Extracted data entries

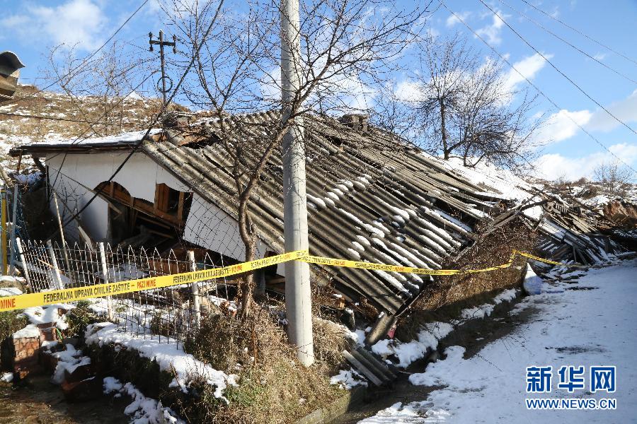 1月5日在波黑卡卡尼镇拍摄的山体滑坡损毁的房屋。当日,波黑首都萨拉热窝附近的卡卡尼镇遭遇山体滑坡,造成1死4伤,数所房屋被埋。 新华社发(哈里斯·梅米亚摄)
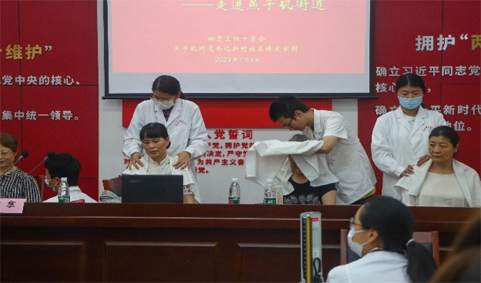 醫惠志行,愛筑夕陽 7月1日與7月2日上午,“志”惠萬家實踐團分別在南化新村社區黨群服務中心和五福家園進行了惠民義診服務活動。除了為居民們提供量血壓、測血糖、推拿、專家問診等義診服務,實踐團成員們還舉辦了以“夏季養生”為主題的宣講活動,將中醫養生思維與生活實際相結合,從飲食習慣、起居規律等方面向居民推廣養生知識。
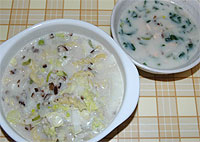 子供用は、鮭とほうれん草(どちらも冷凍)を入れて、大人用は、塩コショウで味付けしてから白菜とマカロニを入れました。
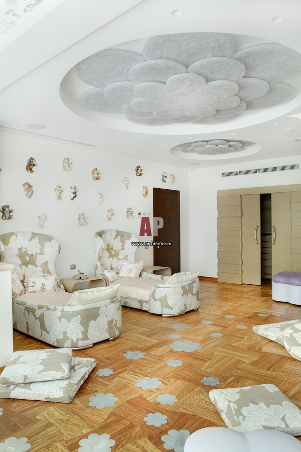 Фото интерьера детской комнаты. В пол из оливы, поставщик «Паркет Ленд», вмонтированы металлические вставки с отпечатками ножек и ручек маленьких обитателей комнаты. Многоуровневые радиусные потолки декорированы оригинальными светильниками-цветками Fantom Brand.
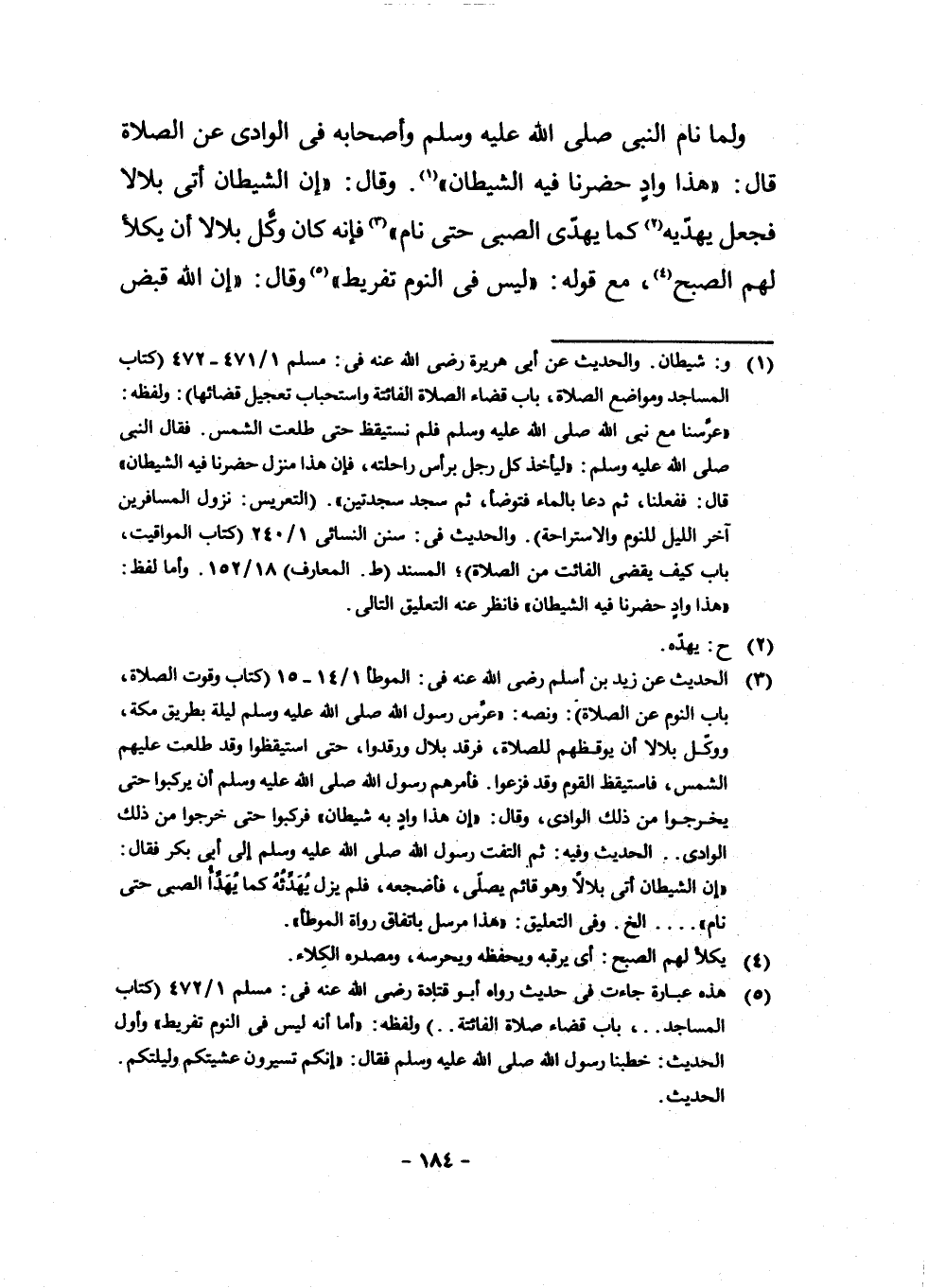 (¬1) و: شَيْطَانٌ، وَالْحَدِيثُ عَنْ أَبِي هُرَيْرَةَ رَضِيَ اللَّهُ عَنْهُ فِي مُسْلِمٍ: 1/471 - 472 كِتَابُ الْمَسَاجِدِ وَمَوَاضِعِ الصَّلَاةِ، بَابُ قَضَاءِ الصَّلَاةِ الْفَائِتَةِ وَاسْتِحْبَابِ تَعْجِيلِ قَضَائِهَا، وَلَفْظُهُ: (عَرَّسْنَا مَعَ نَبِيِّ اللَّهِ صَلَّى اللَّهُ عَلَيْهِ وَسَلَّمَ فَلَمْ نَسْتَيْقِظْ حَتَّى طَلَعَتِ الشَّمْسُ، فَقَالَ النَّبِيُّ صَلَّى اللَّهُ عَلَيْهِ وَسَلَّمَ: (لِيَأْخُذْ كُلُّ رَجُلٍ بِرَأْسِ رَاحِلَتِهِ، فَإِنَّ هَذَا مَنْزِلٌ حَضَرَنَا فِيهِ الشَّيْطَانُ) قَالَ: فَفَعَلْنَا، ثُمَّ دَعَا بِالْمَاءِ فَتَوَضَّأَ، ثُمَّ سَجَدَ سَجْدَتَيْنِ) التَّعْرِيسُ: نُزُولُ الْمُسَافِرِينَ آخِرَ اللَّيْلِ لِلنَّوْمِ وَالِاسْتِرَاحَةِ، وَالْحَدِيثُ فِي سُنَنِ النَّسَائِيِّ 1/240 كِتَابُ الْمَوَاقِيتِ بَابُ كَيْفَ يَقْضِي الْفَائِتَ مِنَ الصَّلَاةِ، الْمُسْنَدَ ط. الْمَعَارِفِ 18/152 وَأَمَّا لَفْظُ هَذَا وَادٍ حَضَرْنَا فِيهِ الشَّيْطَانُ، فَانْظُرْ عَنْهُ التَّعْلِيقَ التَّالِي.
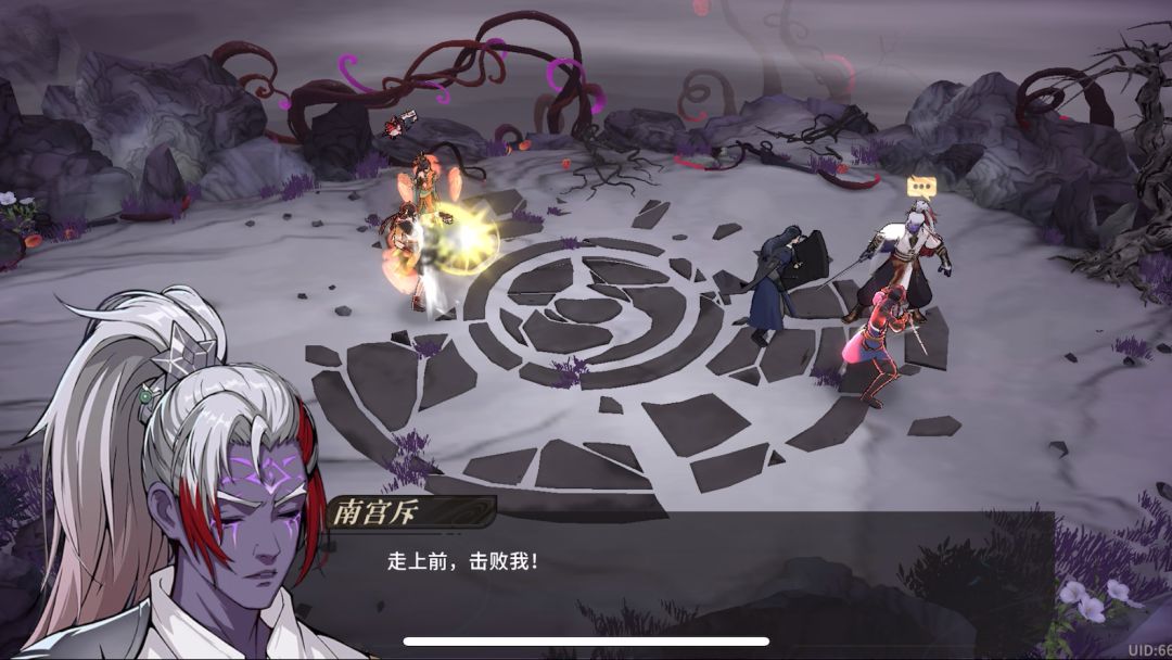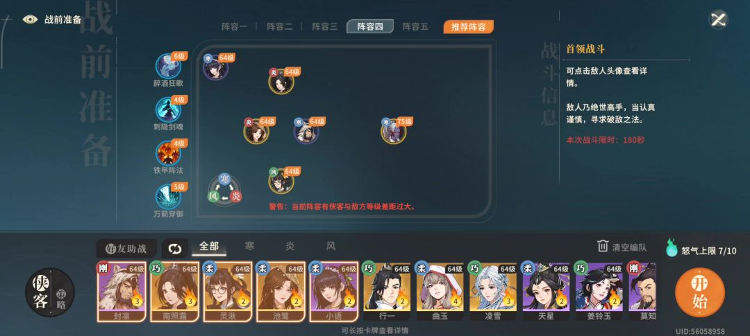 本来想65级质变了去打的,但是刚好缺60魂玉要用,就硬着头皮打了。 要点是: 1.推荐用 池露放在后位,开场她可以靠技能位移把剑标记拉到任意位置。 2.一个大前排抗伤,推荐狼王,因为狼可以单抗,然后把封凛拉下去换备用队友上场 . 3.推荐铁甲卡,全体御伤可以让脆皮抗住修罗剑的范围伤害。 4.二阶段直接莽过去,不用接剑 5.二阶段,BOSS喊出“真意凝神”的时候一定要立马把前排拉到剑那里,盾掉了他会
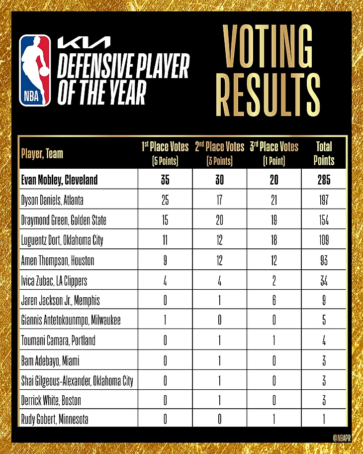 Эван Мобли получил награду «Лучшему защищающемуся игроку» сезона-2024/25
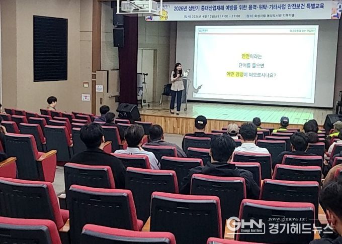 경기헤드뉴스 임수연 기자 | 화성특례시는 10일 용역·위탁 관계부서 담당자와 수급업체 근로자를 대상으로 ‘2026년 상반기 중대산업재해 예방을 위한 용역·위탁·기타사업 안전보건 특별교육’을 실시했다.
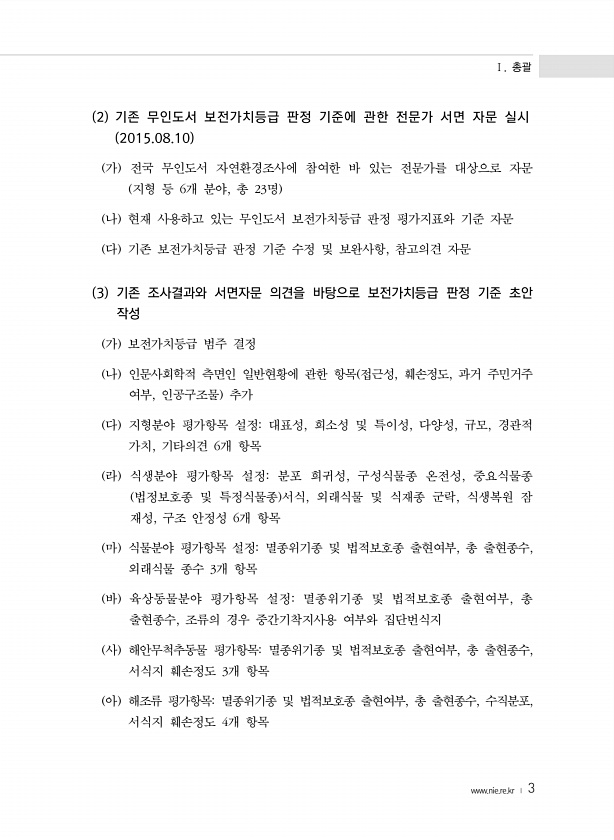 Ⅰ. 총괄 www.nie.re.kr ? 3 2 기존 무인도서 보전가치등급 판정 기준에 관한 전문가 서면 자문 실시 2015.08.10 가 전국 무인도서 자연환경조사에 참여한 바 있는 전문가를 대상으로 자문 지형 등 6개 분야, 총 23명 나 현재 사용하고 있는 무인도서 보전가치등급 판정 평가지표와 기준 자문 다 기존 보전가치등급 판정 기준 수정 및 보완사항, 참고의견 자문 3 기존 조사결과와 서면자문 의견을 바탕으로 보전가치등급 판정 기준 초안 작성 가 보전가치등급 범주 결정 나 인문사회학적 측면인 일반현황에 관한 항목 접근성, 훼손정도, 과거 주민거주 여부, 인공구조물 추가 다 지형분야 평가항목 설정대표성, 희소성 및 특이성, 다양성, 규모, 경관적 가치, 기타의견 6개 항목 라 식생분야 평가항목 설정분포...
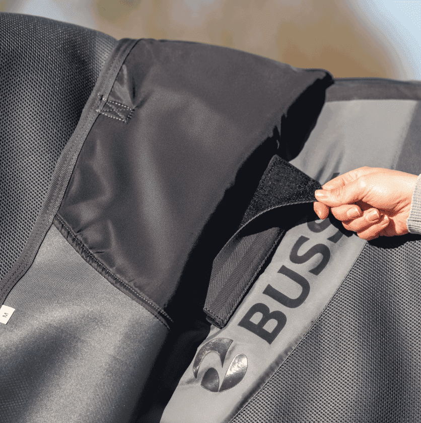 abnehmbare, längeneinstellbare Elastikgurte auf beiden Seiten können mit oben gelisteten Bewegungsdecken verbunden werden, um ein Hochklappen des Halsteils im hinteren Bereich bei Wind oder in der Bewegung zu verhindern
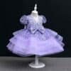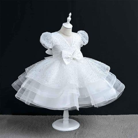White Sparkle Tulle Dress with Puff Sleeves and Bow with headband
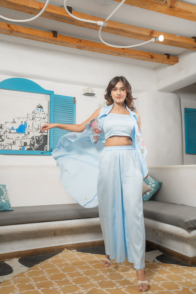 • Details ; Straight Pant & Crop Top With Open Jacket With Floral Patches
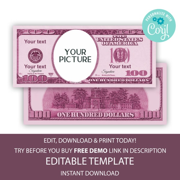 Printable 100 Dollar Bill Etsy
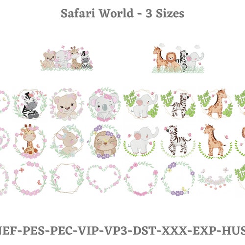 Safari World Embroidery Design Animals Machine Embroidery Etsy
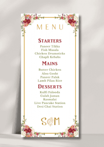 Our elegant Deep Crimson x Floral Menu announces all the dining details in store for your beloved guests. This beautiful design features delicate watercolour flowers in blush pink and deep crimson framing the golden borders.
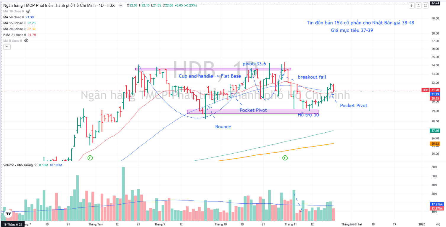 Sau khi breakout thất bại mẫu hình Chiếc Cốc Tay Cầm vào ngày 30 tháng 10 do thị trường chung chuyển xấu, HDB đã sớm tăng giá trở lại và có điểm mua Pocket Pivot vào ngày. Elibook Team khuyến nghị mua HDB quanh vùng giá 30,000 đồng.
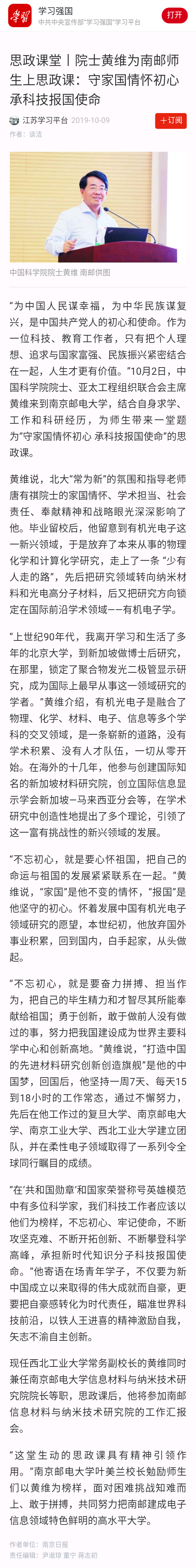 【學習強國】院士黃維為南郵師生上思政課:守家國情懷初心 承科技報國使命
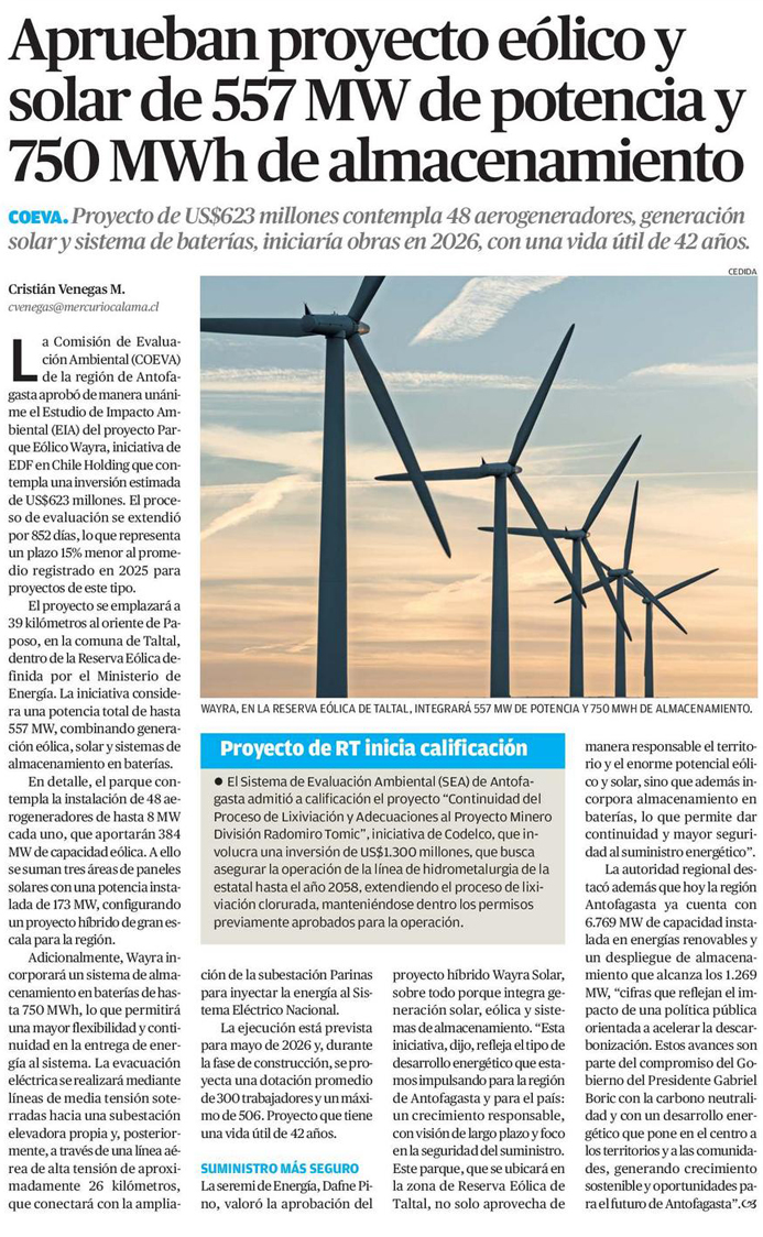 Proyecto eólico por más de US$ 600 millones obtiene la aprobación ambiental - (Pulso)
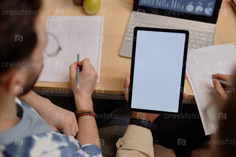 Руки студентов университета с помощью теста на письмо с сенсорной панелью

**What the task asks:** With the images removed, give back every entry exactly as shown.

**Exercise output:**
 1月5日在波黑卡卡尼镇拍摄的山体滑坡损毁的房屋。当日,波黑首都萨拉热窝附近的卡卡尼镇遭遇山体滑坡,造成1死4伤,数所房屋被埋。 新华社发(哈里斯·梅米亚摄)
 醫惠志行,愛筑夕陽 7月1日與7月2日上午,“志”惠萬家實踐團分別在南化新村社區黨群服務中心和五福家園進行了惠民義診服務活動。除了為居民們提供量血壓、測血糖、推拿、專家問診等義診服務,實踐團成員們還舉辦了以“夏季養生”為主題的宣講活動,將中醫養生思維與生活實際相結合,從飲食習慣、起居規律等方面向居民推廣養生知識。
 子供用は、鮭とほうれん草(どちらも冷凍)を入れて、大人用は、塩コショウで味付けしてから白菜とマカロニを入れました。
 Фото интерьера детской комнаты. В пол из оливы, поставщик «Паркет Ленд», вмонтированы металлические вставки с отпечатками ножек и ручек маленьких обитателей комнаты. Многоуровневые радиусные потолки декорированы оригинальными светильниками-цветками Fantom Brand.
 (¬1) و: شَيْطَانٌ، وَالْحَدِيثُ عَنْ أَبِي هُرَيْرَةَ رَضِيَ اللَّهُ عَنْهُ فِي مُسْلِمٍ: 1/471 - 472 كِتَابُ الْمَسَاجِدِ وَمَوَاضِعِ الصَّلَاةِ، بَابُ قَضَاءِ الصَّلَاةِ الْفَائِتَةِ وَاسْتِحْبَابِ تَعْجِيلِ قَضَائِهَا، وَلَفْظُهُ: (عَرَّسْنَا مَعَ نَبِيِّ اللَّهِ صَلَّى اللَّهُ عَلَيْهِ وَسَلَّمَ فَلَمْ نَسْتَيْقِظْ حَتَّى طَلَعَتِ الشَّمْسُ، فَقَالَ النَّبِيُّ صَلَّى اللَّهُ عَلَيْهِ وَسَلَّمَ: (لِيَأْخُذْ كُلُّ رَجُلٍ بِرَأْسِ رَاحِلَتِهِ، فَإِنَّ هَذَا مَنْزِلٌ حَضَرَنَا فِيهِ الشَّيْطَانُ) قَالَ: فَفَعَلْنَا، ثُمَّ دَعَا بِالْمَاءِ فَتَوَضَّأَ، ثُمَّ سَجَدَ سَجْدَتَيْنِ) التَّعْرِيسُ: نُزُولُ الْمُسَافِرِينَ آخِرَ اللَّيْلِ لِلنَّوْمِ وَالِاسْتِرَاحَةِ، وَالْحَدِيثُ فِي سُنَنِ النَّسَائِيِّ 1/240 كِتَابُ الْمَوَاقِيتِ بَابُ كَيْفَ يَقْضِي الْفَائِتَ مِنَ الصَّلَاةِ، الْمُسْنَدَ ط. الْمَعَارِفِ 18/152 وَأَمَّا لَفْظُ هَذَا وَادٍ حَضَرْنَا فِيهِ الشَّيْطَانُ، فَانْظُرْ عَنْهُ التَّعْلِيقَ التَّالِي.
 本来想65级质变了去打的,但是刚好缺60魂玉要用,就硬着头皮打了。 要点是: 1.推荐用 池露放在后位,开场她可以靠技能位移把剑标记拉到任意位置。 2.一个大前排抗伤,推荐狼王,因为狼可以单抗,然后把封凛拉下去换备用队友上场 . 3.推荐铁甲卡,全体御伤可以让脆皮抗住修罗剑的范围伤害。 4.二阶段直接莽过去,不用接剑 5.二阶段,BOSS喊出“真意凝神”的时候一定要立马把前排拉到剑那里,盾掉了他会
 Эван Мобли получил награду «Лучшему защищающемуся игроку» сезона-2024/25
 경기헤드뉴스 임수연 기자 | 화성특례시는 10일 용역·위탁 관계부서 담당자와 수급업체 근로자를 대상으로 ‘2026년 상반기 중대산업재해 예방을 위한 용역·위탁·기타사업 안전보건 특별교육’을 실시했다.
 Ⅰ. 총괄 www.nie.re.kr ? 3 2 기존 무인도서 보전가치등급 판정 기준에 관한 전문가 서면 자문 실시 2015.08.10 가 전국 무인도서 자연환경조사에 참여한 바 있는 전문가를 대상으로 자문 지형 등 6개 분야, 총 23명 나 현재 사용하고 있는 무인도서 보전가치등급 판정 평가지표와 기준 자문 다 기존 보전가치등급 판정 기준 수정 및 보완사항, 참고의견 자문 3 기존 조사결과와 서면자문 의견을 바탕으로 보전가치등급 판정 기준 초안 작성 가 보전가치등급 범주 결정 나 인문사회학적 측면인 일반현황에 관한 항목 접근성, 훼손정도, 과거 주민거주 여부, 인공구조물 추가 다 지형분야 평가항목 설정대표성, 희소성 및 특이성, 다양성, 규모, 경관적 가치, 기타의견 6개 항목 라 식생분야 평가항목 설정분포...
 abnehmbare, längeneinstellbare Elastikgurte auf beiden Seiten können mit oben gelisteten Bewegungsdecken verbunden werden, um ein Hochklappen des Halsteils im hinteren Bereich bei Wind oder in der Bewegung zu verhindern
White Sparkle Tulle Dress with Puff Sleeves and Bow with headband
 • Details ; Straight Pant & Crop Top With Open Jacket With Floral Patches
 Printable 100 Dollar Bill Etsy
 Safari World Embroidery Design Animals Machine Embroidery Etsy
 Our elegant Deep Crimson x Floral Menu announces all the dining details in store for your beloved guests. This beautiful design features delicate watercolour flowers in blush pink and deep crimson framing the golden borders.
 Sau khi breakout thất bại mẫu hình Chiếc Cốc Tay Cầm vào ngày 30 tháng 10 do thị trường chung chuyển xấu, HDB đã sớm tăng giá trở lại và có điểm mua Pocket Pivot vào ngày. Elibook Team khuyến nghị mua HDB quanh vùng giá 30,000 đồng.
 【學習強國】院士黃維為南郵師生上思政課:守家國情懷初心 承科技報國使命
 Proyecto eólico por más de US$ 600 millones obtiene la aprobación ambiental - (Pulso)
 Руки студентов университета с помощью теста на письмо с сенсорной панелью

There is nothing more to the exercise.